2021/12/10(金)に発表した2021年10月期第4四半期決算の主な内容は以下の通りです。

【主な決算発表内容】(単位:百万円)

売上高  : 1,424(前年同期: 1,234 前年同期比:+15.4%)
営業利益 :    579(前年同期:    498 前年同期比:+16.3%)
純利益  :    386(前年同期:    322 前年同期比:+19.8%)
資産合計 : 2,170(前期末:1,647)
自己資本 : 1,489(前期末:1,347)
現金   : 1,146(前期末:1,218)
有利子負債:    358(前期末:     25)
営業CF  : +491(前年同期:+358)
投資CF  : ▲652(前年同期:▲123)
財務CF  :   +45(前年同期:  ▲15)

■決算発表内容分析のものさし

決算発表内容について、私は主に①成長性、②収益性、③安全性、④キャッシュ創出力、の4つの観点からチェックをしています。

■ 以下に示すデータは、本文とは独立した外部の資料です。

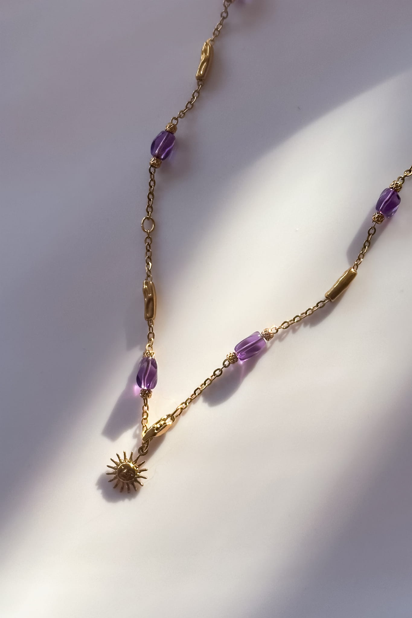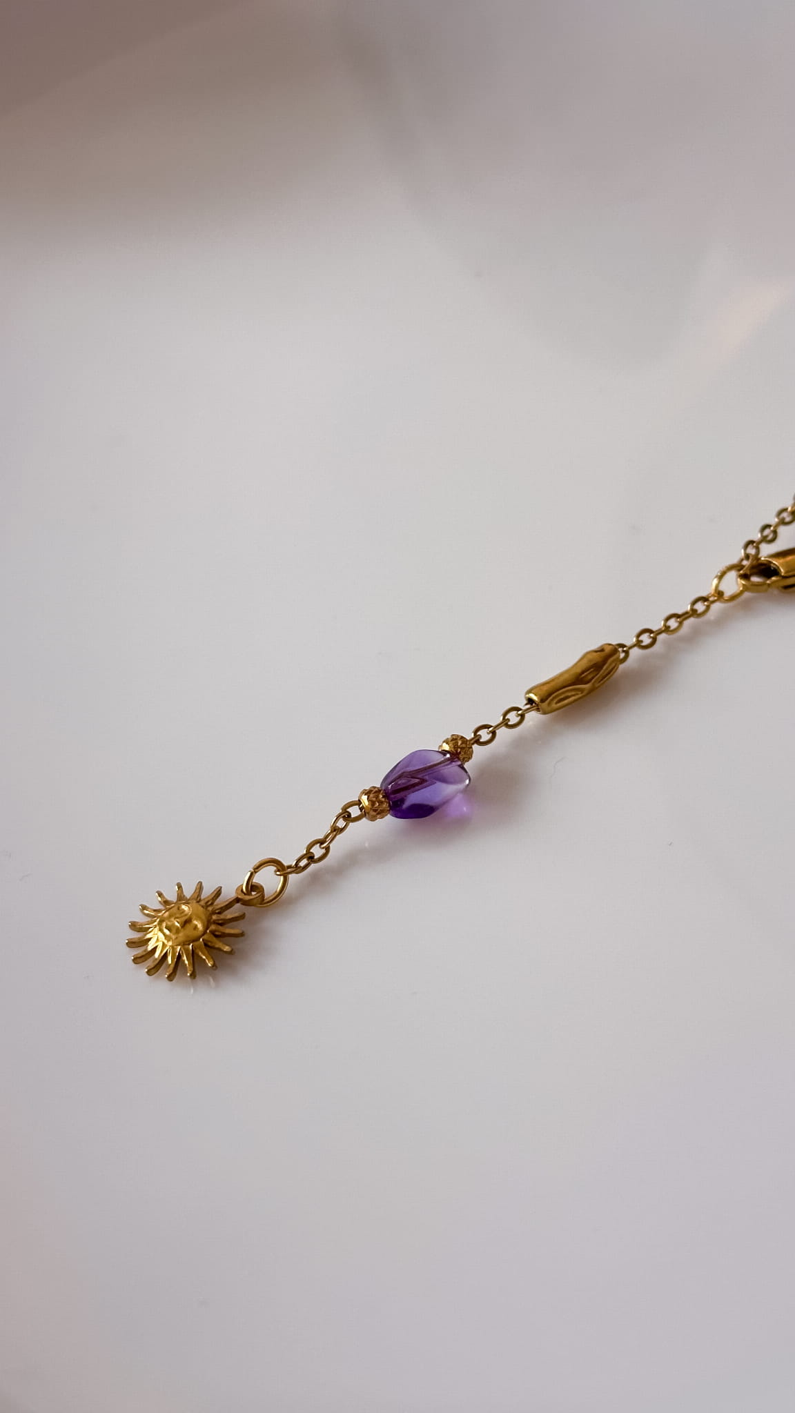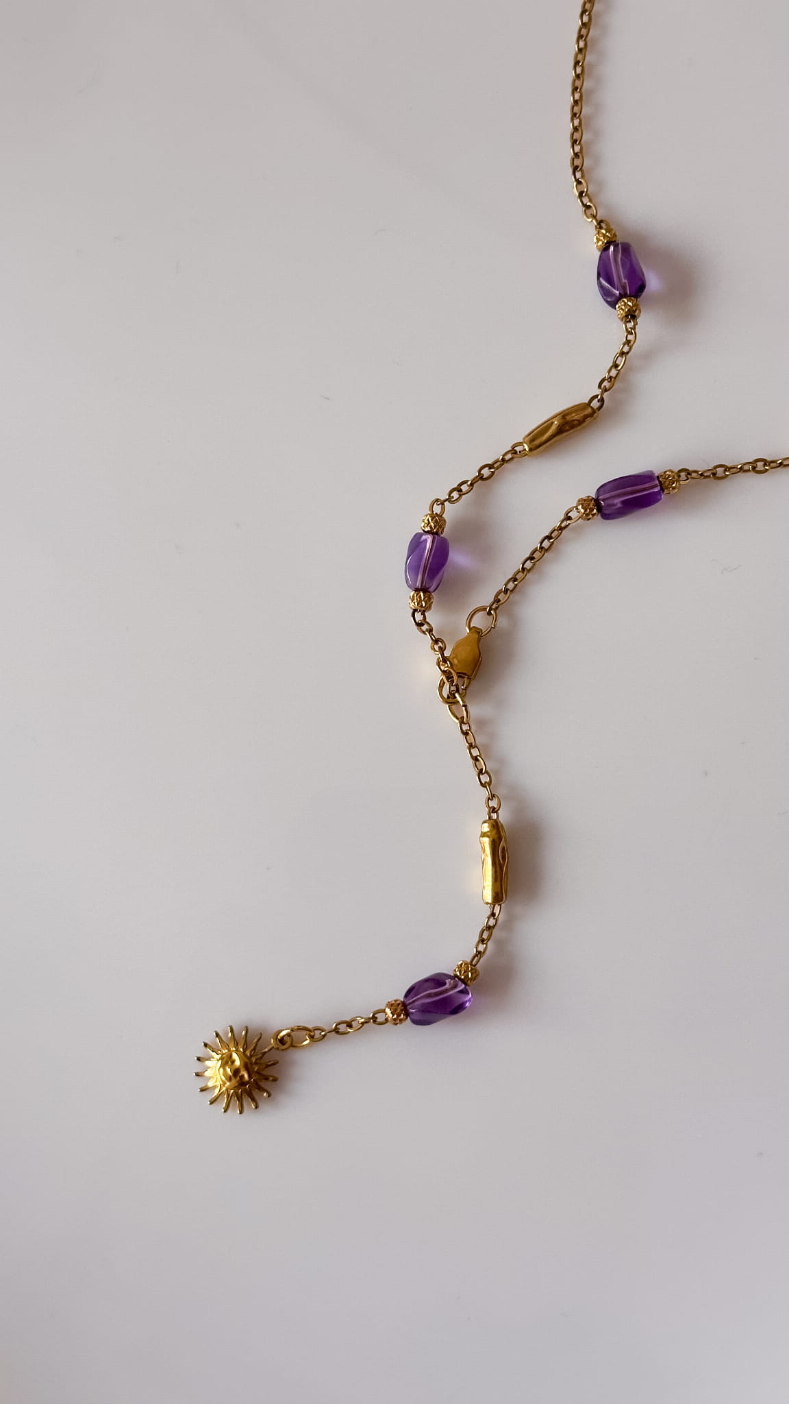 Naszyjnik Calma powstał z myśli o pięknie, które nie krzyczy. O kobiecie, która nie musi niczego udowadniać, bo jej siła wynika z wewnętrznej harmonii. To biżuteria subtelna, ale pełna znaczenia. Delikatny łańcuszek ze stali szlachetnej przeplatają ametysty w odcieniu głębokiego fioletu. Na końcu krawatki pojawia się symboliczne słońce, jak małe przypomnienie, że spokój również potrafi świecić.
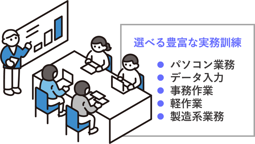 就労に合わせて選べる豊富な実務訓練で、しっかり実践力を身に付けられます。

それぞれの観点について、主な指標とその計算方法、優秀と認定する目安は以下の通りです。
優秀と認定する目安をクリアした項目が多い銘柄ほど、買いたい銘柄、保有し続けたい銘柄ということになります。

★成長性
【主な指標】
増収率、増益率(営業利益・純利益)

【計算方法】
増収率(%)=(今期の売上÷前期の売上-1)×100
増益率(%)=(今期の利益÷前期の利益-1)×100

【優秀と認定する目安】
増収率、増益率ともに+10%以上

★収益性
【主な指標】
売上高営業利益率、売上高純利益率、ROE(自己資本利益率)

【計算方法】
売上高営業利益率(%)=営業利益÷売上高×100
売上高純利益率(%) =純利益 ÷売上高×100
ROE(%)      =純利益÷自己資本×100
※四半期決算時は純利益を年換算し算定

【優秀と認定する目安】
売上高営業利益率:15%以上
売上高純利益率 :10%以上
ROE      :15%以上

★安全性
【主な指標】
自己資本比率、現金>有利子負債か

【計算方法】
自己資本比率(%)=自己資本÷総資本×100

【優秀と認定する目安】
自己資本比率:30%以上80%以内
現金>有利子負債であること
※ただし、一概に自己資本比率が高ければいいというわけではなく、有利子負債が多いとダメでもなく、業態や企業の成長フェーズによって個別に評価する必要がある、と考えています。)

★キャッシュ創出力
【主な指標】
営業CFがプラスか、営業CF>営業利益か

【優秀と認定する目安】
営業CFがプラスであること
営業CF>営業利益であること

■決算発表内容分析

それでは、上記のものさしに沿って、実際に決算発表内容を分析していきます。

●成長性のチェック

売上高は前年同期比+15.4%でした。
営業利益は同+16.3%でした。
純利益は同+19.8%でした。

+15%を超えての増収増益の好決算となりました。
同社は売上高の94.5%が迷惑情報フィルタ事業という単一事業で展開していますが、その中でも主力はモバイル向けフィルタサービスです。
携帯キャリアにおける格安プランへの移行による減速も懸念されましたが、モバイル向けフィルタ事業は前期比+17.1%と、順調に成長しました。

同社の決算説明資料より抜粋。

営業利益・純利益も増益となりました。
人材採用や280blockerの買収によるのれん償却等により原価・販管費ともに増加しましたが、前期並みの原価率・販管費率でコントロールしたことにより、増益につなげました。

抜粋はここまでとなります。